◆ STUDY MATERIAL:
+-------+

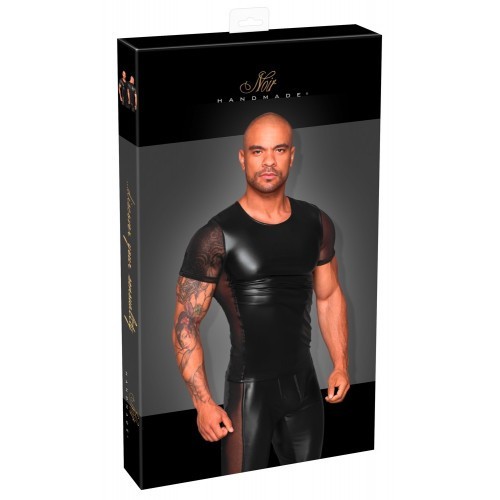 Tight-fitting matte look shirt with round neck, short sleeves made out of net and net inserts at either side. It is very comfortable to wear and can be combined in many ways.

+-------+

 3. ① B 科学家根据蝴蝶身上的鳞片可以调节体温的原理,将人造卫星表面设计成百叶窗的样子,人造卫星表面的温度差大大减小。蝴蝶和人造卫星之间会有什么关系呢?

+-------+

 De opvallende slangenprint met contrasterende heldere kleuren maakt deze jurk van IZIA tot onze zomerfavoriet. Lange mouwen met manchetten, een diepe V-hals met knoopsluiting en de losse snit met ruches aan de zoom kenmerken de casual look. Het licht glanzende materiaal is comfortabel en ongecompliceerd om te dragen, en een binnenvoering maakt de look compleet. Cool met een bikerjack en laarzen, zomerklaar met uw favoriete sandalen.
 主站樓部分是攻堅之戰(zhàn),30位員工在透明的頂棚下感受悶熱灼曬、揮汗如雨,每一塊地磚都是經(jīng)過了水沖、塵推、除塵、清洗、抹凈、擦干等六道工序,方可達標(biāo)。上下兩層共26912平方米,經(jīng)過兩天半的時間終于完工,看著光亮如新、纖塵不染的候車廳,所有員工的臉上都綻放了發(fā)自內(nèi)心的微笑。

+-------+

◆ WHAT TO DO:
Give back exactly the lines above, from the line containing "De opvallende slangenprint" through the line containing "主站樓部分是攻堅之戰(zhà", with both end lines and nothing more.

◆ ANSWER SPACE:
 De opvallende slangenprint met contrasterende heldere kleuren maakt deze jurk van IZIA tot onze zomerfavoriet. Lange mouwen met manchetten, een diepe V-hals met knoopsluiting en de losse snit met ruches aan de zoom kenmerken de casual look. Het licht glanzende materiaal is comfortabel en ongecompliceerd om te dragen, en een binnenvoering maakt de look compleet. Cool met een bikerjack en laarzen, zomerklaar met uw favoriete sandalen.
 主站樓部分是攻堅之戰(zhàn),30位員工在透明的頂棚下感受悶熱灼曬、揮汗如雨,每一塊地磚都是經(jīng)過了水沖、塵推、除塵、清洗、抹凈、擦干等六道工序,方可達標(biāo)。上下兩層共26912平方米,經(jīng)過兩天半的時間終于完工,看著光亮如新、纖塵不染的候車廳,所有員工的臉上都綻放了發(fā)自內(nèi)心的微笑。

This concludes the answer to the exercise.